It’s a complicated time for all of us, or so every commercial I see on television tells me. Nobody really knows what day it is half the time and the degree of stir-crazy among the normals is off the charts.

I see it in my social media and in my inbox. I want to give them tips and tricks from the chronics (us with chronic illness, for short) who are frankly quite expert at living in the upside down world where nothing really makes sense but that list is quite short and mostly includes things like getting used to and enjoying the contents of you own mind and realizing that all of life isn’t actually about the go-go-go we’ve been brainwashed into thinking is the best way to live. But those are pretty existential notions that don’t fit nicely into sound bites or blog post listicles so I mostly just tell them that things will get better some day and we all just have to be patient and safe. Annoying advice, I realize. It even annoys me.
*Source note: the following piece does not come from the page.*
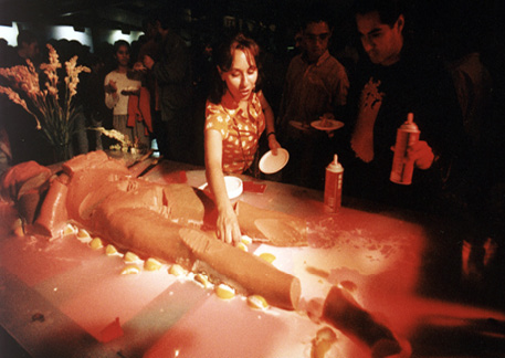El primer cuerpo humano entero comestible que realicé fue un cuerpo femenino de gelatina sabor frambuesa. Era rojo y transparente y tenía frutas tropicales en su interior simulando los órganos. Las reacciones en el Museo de Arte Moderno en México no se hicieron esperar. La mayoría de los hombres ahí presentes se tiraron el cuerpo a lamidas y mordidas libres. Fue un perforWOMANcena. (Comeos los unos a los otros, Martínez-Silva, s.f.)

It hits me over and over again, as I sometimes also forget where I am and what the hell I’m doing – that thing about how trained I’ve been for most of my life to pursue success (whatever that means) and ever more impressive salary levels to the point where I define my actual worth as a human on the basis of what I can do. How much money I can make, how many letters I could get in front of my work title that prove to other people like me how important and smart I am.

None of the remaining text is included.